Tuesday, 5 November 2013

Blücher at the Burgtor

It is time to set the spotlights on Gebhard Leberecht von Blücher, the charging Hussar general who once believed he was pregnant with an elephant (true story!). That didn't stop him from some prodigious feats on the battlefield while in his seventies and of giving Napoleon and his marshals a few bloody noses.

The Burgtor, or Castle Gate

This is the site from where he made the leap to national hero. On holiday in Hamburg last summer, we made a day trip to Lübeck and the nearby beach at Travemünde. When you enter the town from the east, you do so through the Burgtor.

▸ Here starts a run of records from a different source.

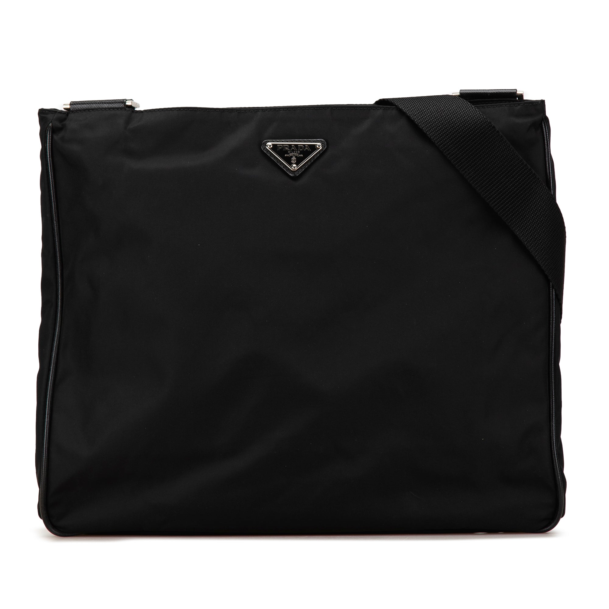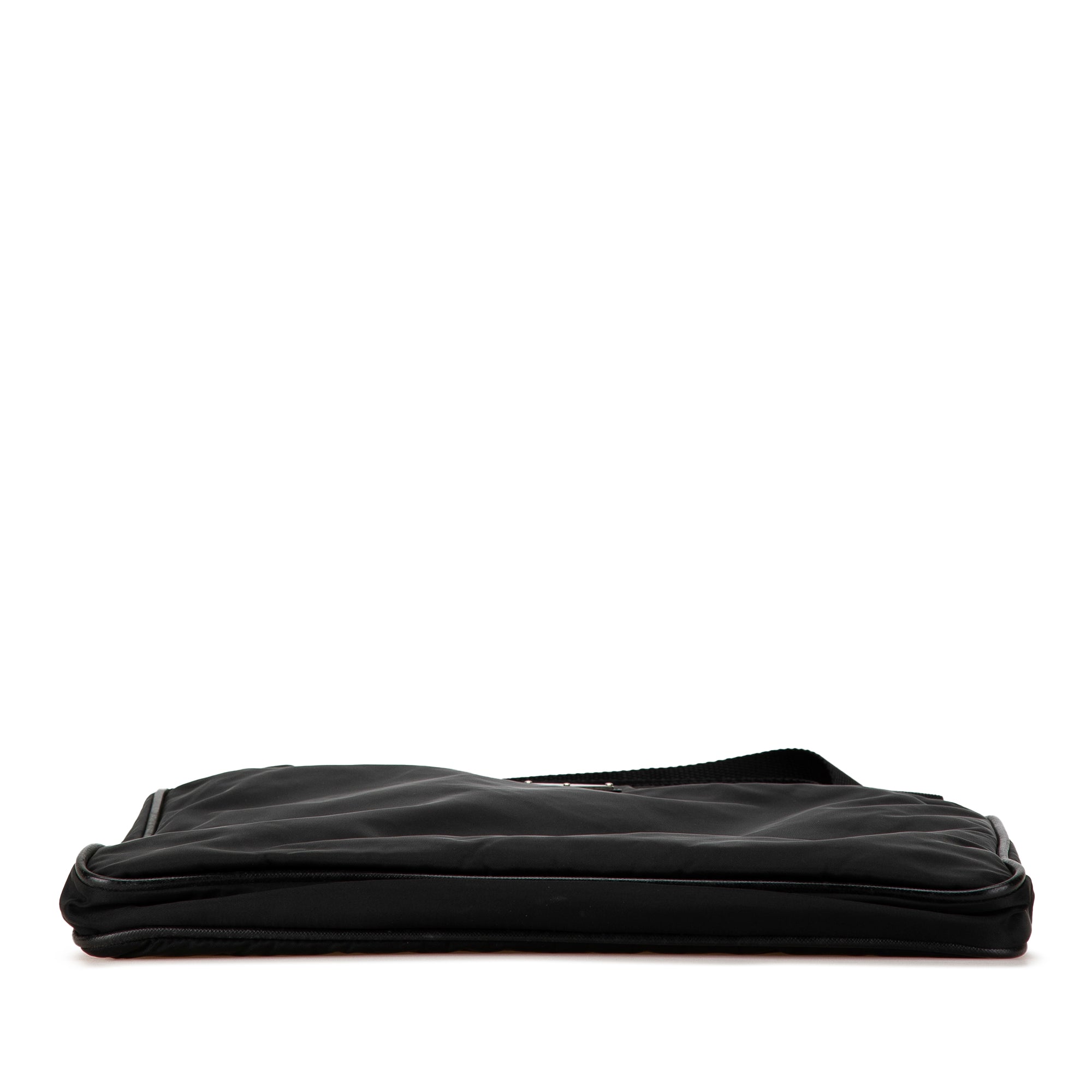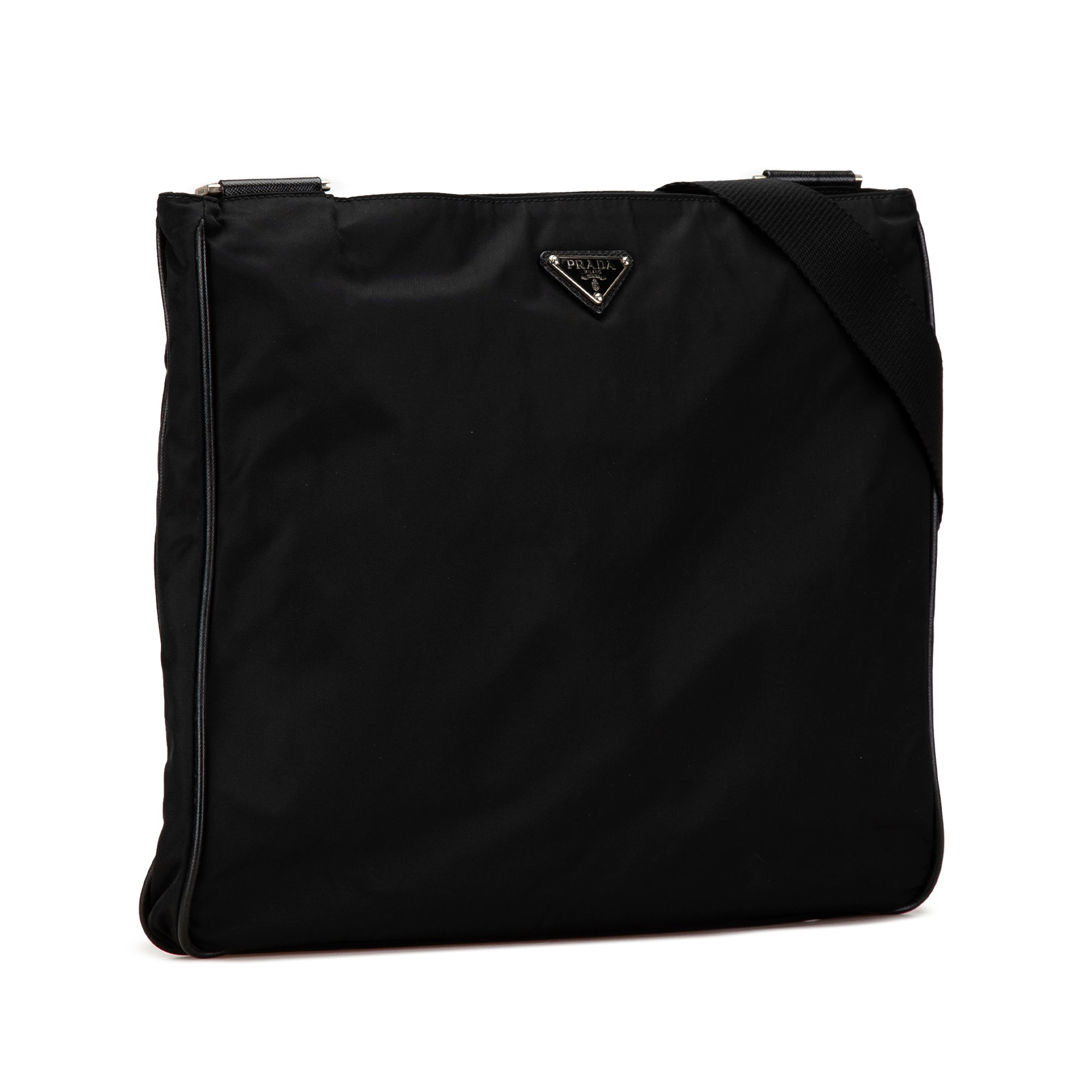 This crossbody bag features a nylon body with leather trim, a flat shoulder strap, an exterior zip pocket, a top zip closure, and an interior zip pocket. Retail Price: 1000.00
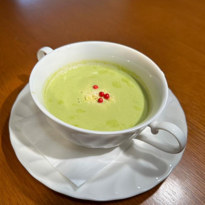 グリーンピースとパルメザンチーズのポタージュ 460円
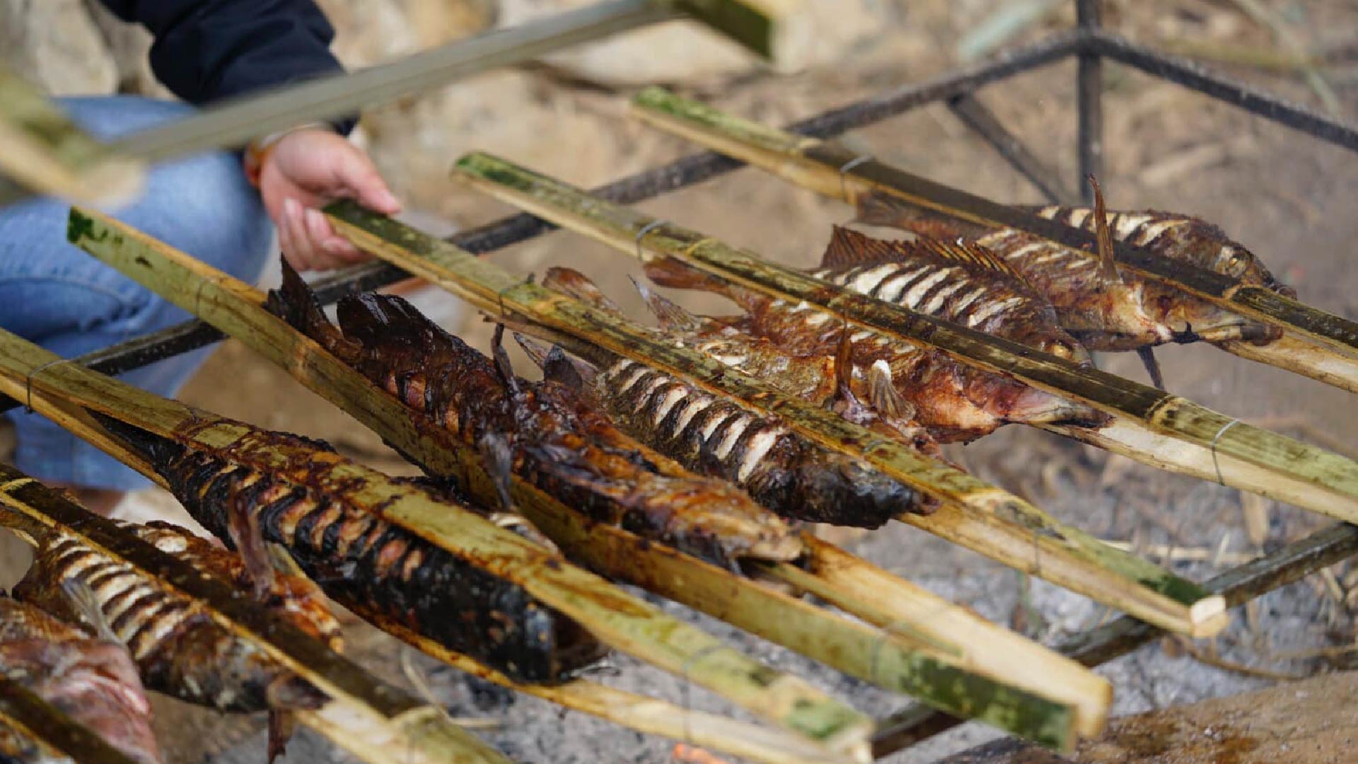 Cá nướng sông Đà Cá nướng sông Đà được xem là một trong những món ăn “nhất định phải thử” khi đến với Hòa Bình. Món ăn tuy được chế biến vô cùng đơn giản với những que tre kẹp cá nướng trên lửa nhưng vẫn để lại ấn tượng bởi từng thớ cá chắc ngọt, được tẩm ướp vừa miệng với phần da giòn, hơi xém cạnh. Khi thưởng thức, bạn có thể cuộn cá trong lá lốt để tăng thêm vị đậm đà của món ăn.
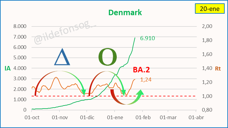 Otra conclusión muy importante es que mi análisis descarta el riesgo de presencia de la variante BA.2 de #Omicron que sigue creciendo en Dinamarca 🇩🇰 8/9
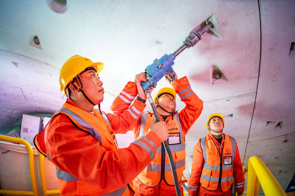 在中鐵十四局京唐城際鐵路運潮減河隧道內,施工人員在拼裝管片(2024年2月4日攝)。新華社發(中鐵十四局供圖)
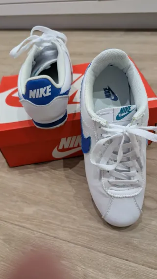 Zapatillas Nike Cortez clásicas en blanco con detalles en azul. Usadas 2 veces
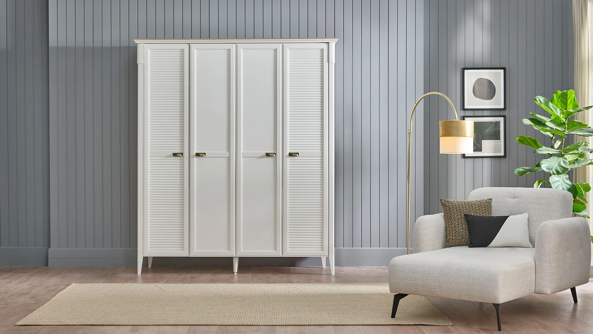 Country tarzdan ilham alınarak tasarlanmış Toscana koleksiyonunda yer alan Toscana 4 kapaklı dolap, aytaşı rengi ile yatak odalarına aydınlık ve şık bir görünüm kazandırıyor. Kapaklarında bulunan panjur detayları ve eskitme altın rengi kulplarıyla nostaljik görünümünü tamamlayan ürünü tek başına ya da Toscana koleksiyonundaki ürünler ile birlikte satın alabilirsiniz.
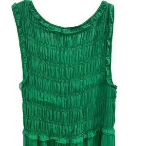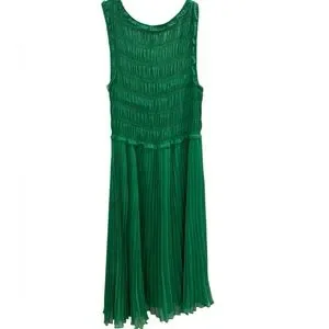 Charming green sleeveless dress perfect for any occasion. Features a stylish pleated design for a playful look.
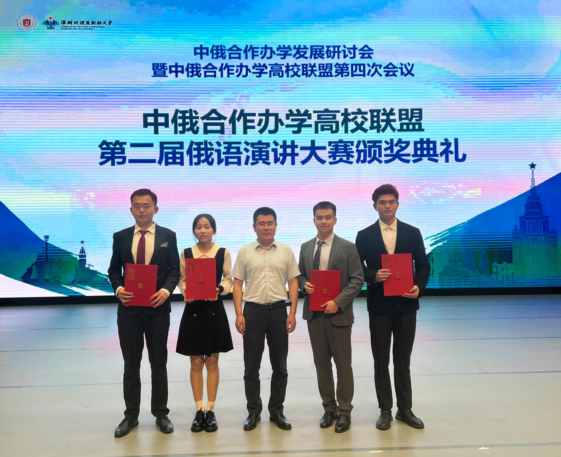 5月13日,第二届中俄合作办学高校俄语演讲比赛全国总决赛在深圳落下帷幕。国际教育学院、顿河学院学生赵东乐、宋诚浩分获高年级组一等奖第1名、第2名,宋荣昶、韩雨彤分获低年级组一等奖第2名、第5名的优异成绩。我校是唯一一所蝉联两届中俄合作办学高校俄语演讲比赛高、低年级组一等奖的高校。
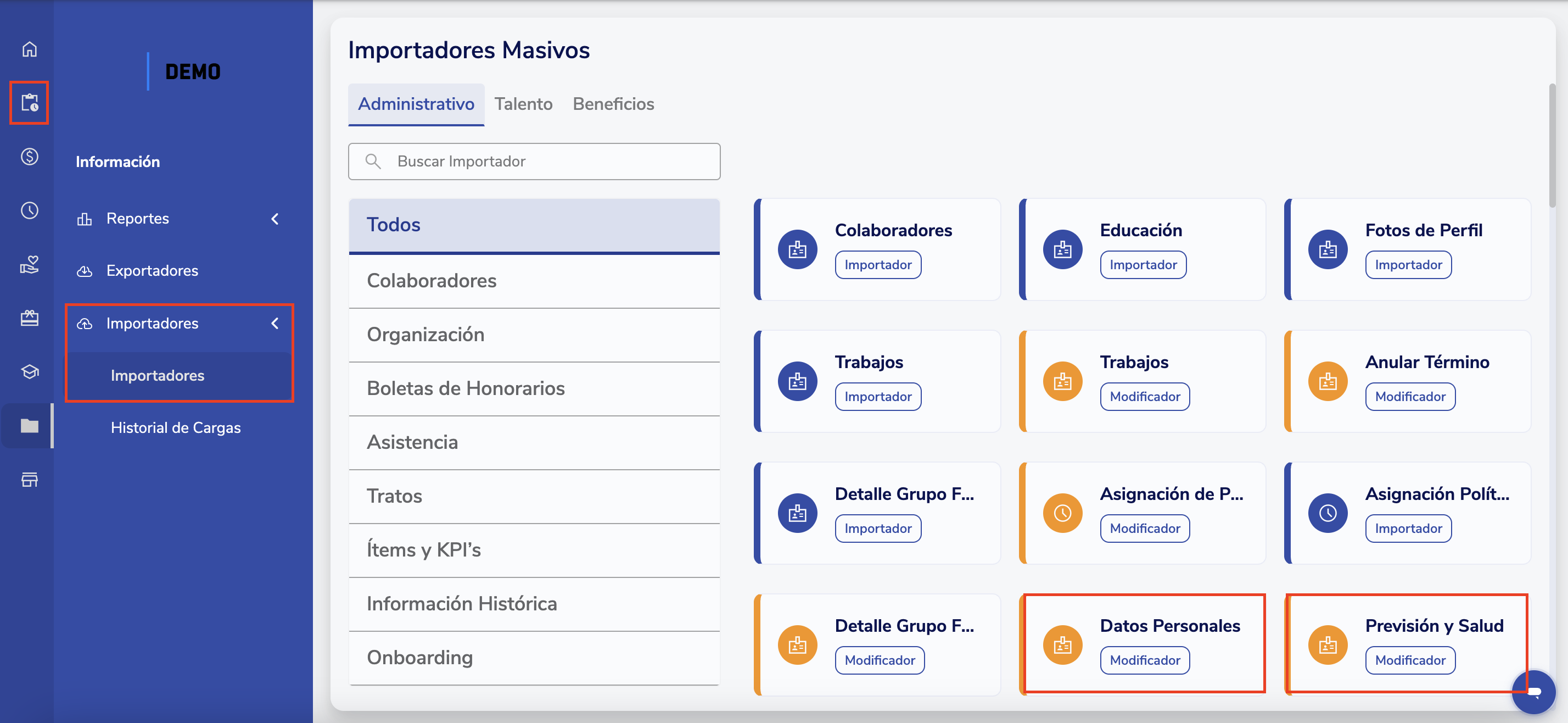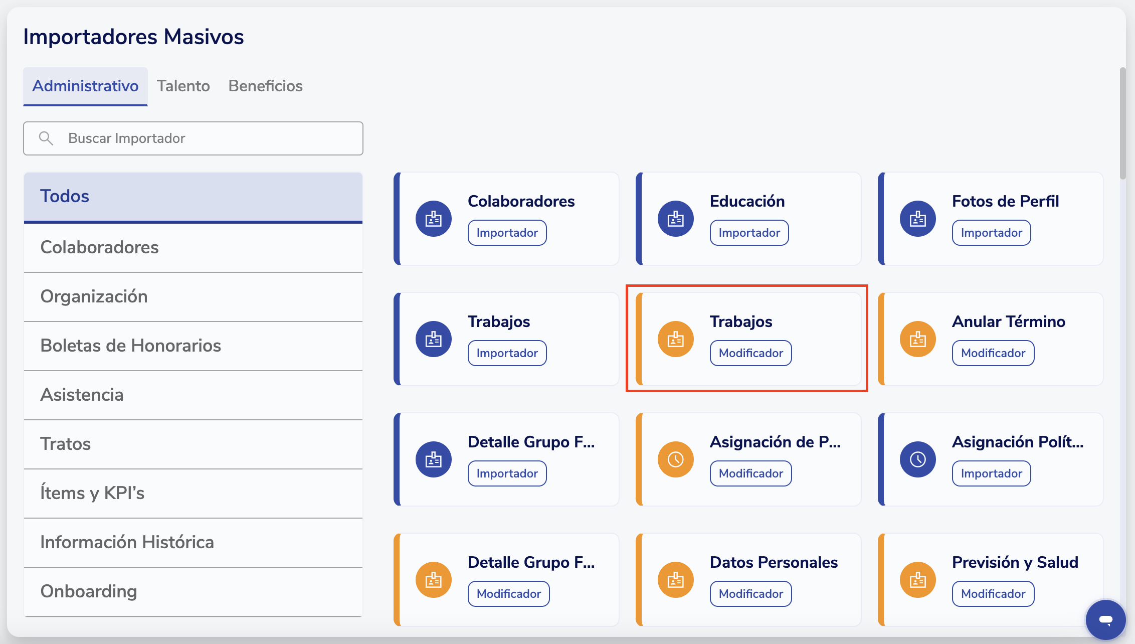 - Importadores: Herramienta capaz de cargar datos masivamente en la plataforma, facilitando la carga o actualización de información referente a los colaboradores, trabajos o empresas.
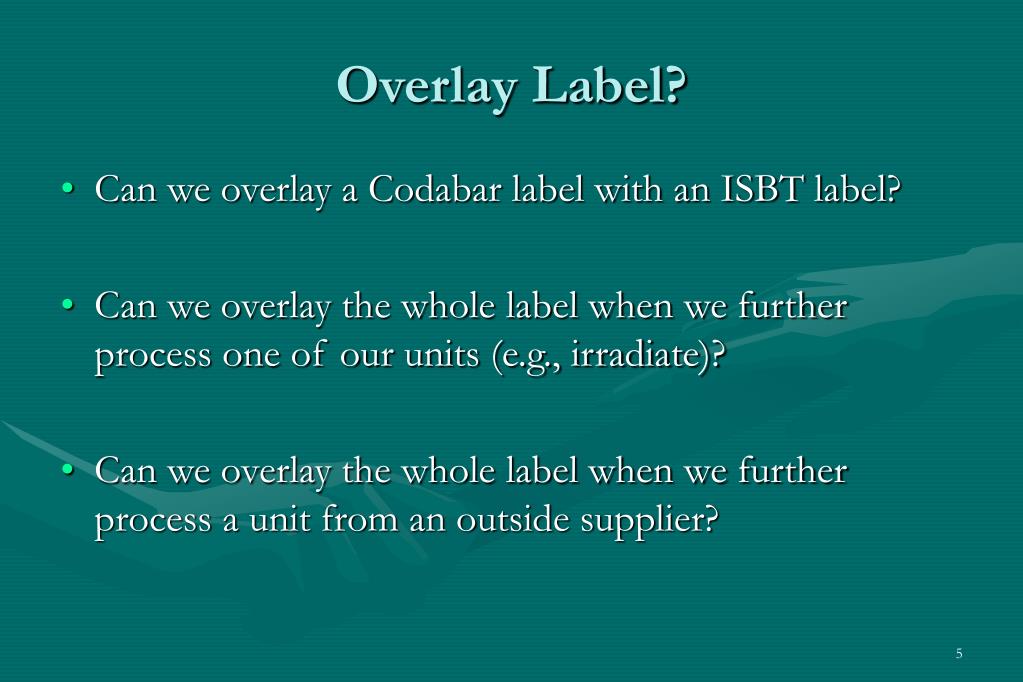 Overlay Label? • Can we overlay a Codabar label with an ISBT label? • Can we overlay the whole label when we further process one of our units (e.g., irradiate)? • Can we overlay the whole label when we further process a unit from an outside supplier?
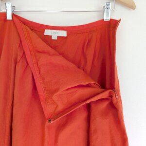 Ann Taylor LOFT Orange Skirt High-Waisted Flowy Midi Skirt Boho Minimalist
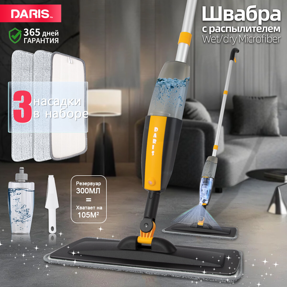 Швабра-распылитель DARIS, многоразовая, моющаяся, 3 насадки, бытовая, кухонная швабра для деревянного пола
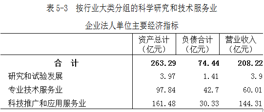 2018年末,科学研究和技术服务业企业法人单位资产总计263.29亿元,比2013年末增长310.6%。负债合计74.44亿元。全年实现营业收入208.22亿元(详见表5-3)。
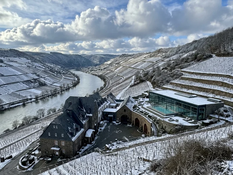 Flusslandschaft mit Burgen, Steilhängen und Rieslinggütern. Hotels in Bernkastel-Kues, Traben-Trarbach oder Cochem. Abendlicht auf dem Fluss, Weinprobe am Nachmittag, Sauna mit Blick. Sehr fotogen — die Wochenenden-Fotos gelingen hier von allein.
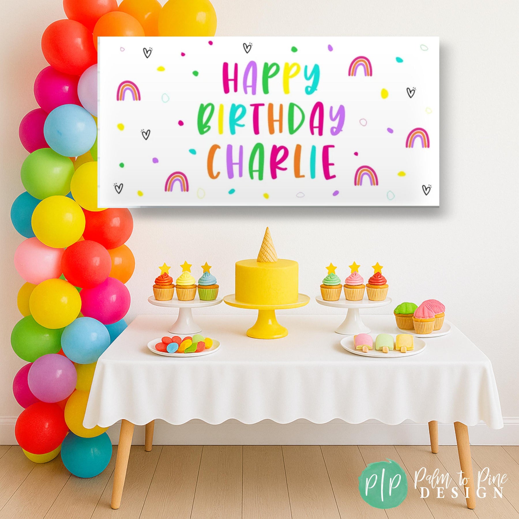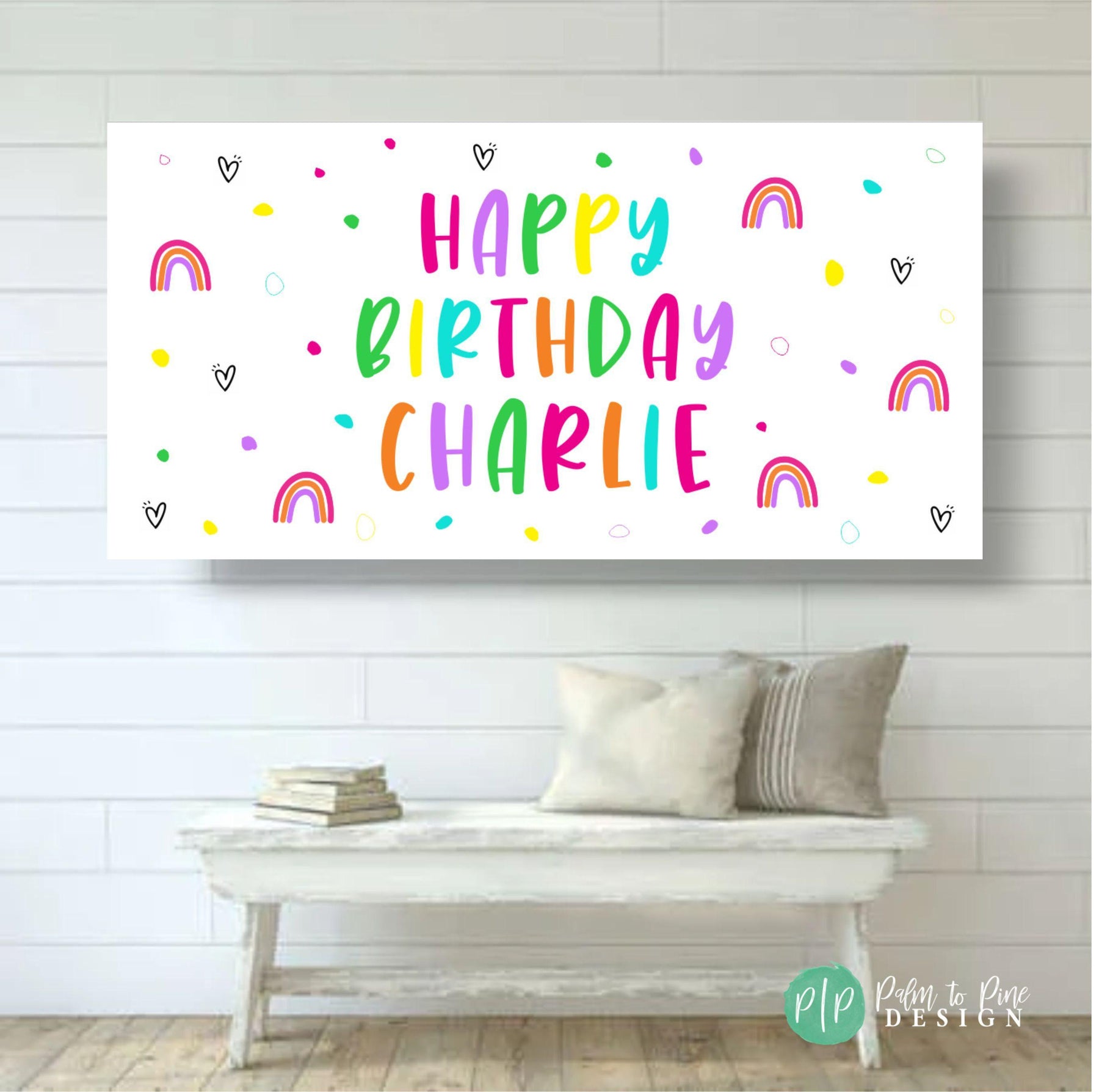 This personalized rainbow and polka dot birthday banner is perfect for celebrating your little girl or tween's birthday with these bright polka dots, rainbows and hearts! So bright and cheery! This colorful banner can be used year after year for birthday decor. This custom Happy Birthday Banner is the perfect way to celebrate and can be used for a little girl, tween, teenager or adult!

Commemorative plaque on the wall of the gate

In the autumn of 1806, with the Prussian army in flight from its humiliating defeats at Jena and Auerstädt, Blücher was one of the few that kept ahead of the furious French pursuit. On November 5th his troops reached Lübeck and he set out to prepare the city for defence.*

The Burgtor from a slightly different angle

Next day the French attacked the city and managed to enter through the Burgtor, which was defended with little competence. Desperate counterattacks failed to throw the invaders back and Blücher's chief of staff, Scharnhorst was taken captive. The general himself managed to fight his way out of the city with the remnants of his force. However, on 7th November his men and ammunition were exhausted and there was nowhere left to run as they had entered Danish territory. The general realised that further resistance was futile and accepted a French demand for surrender.

The fight for the Castle Gate from a contemporary  print
(wiki commons)
* Some of you will know that Lübeck was then still an independent city. Blücher demanded access to the city from the city council. The French sacked Lübeck as they would have any defended city, not knowing that it had been against the wishes of the population.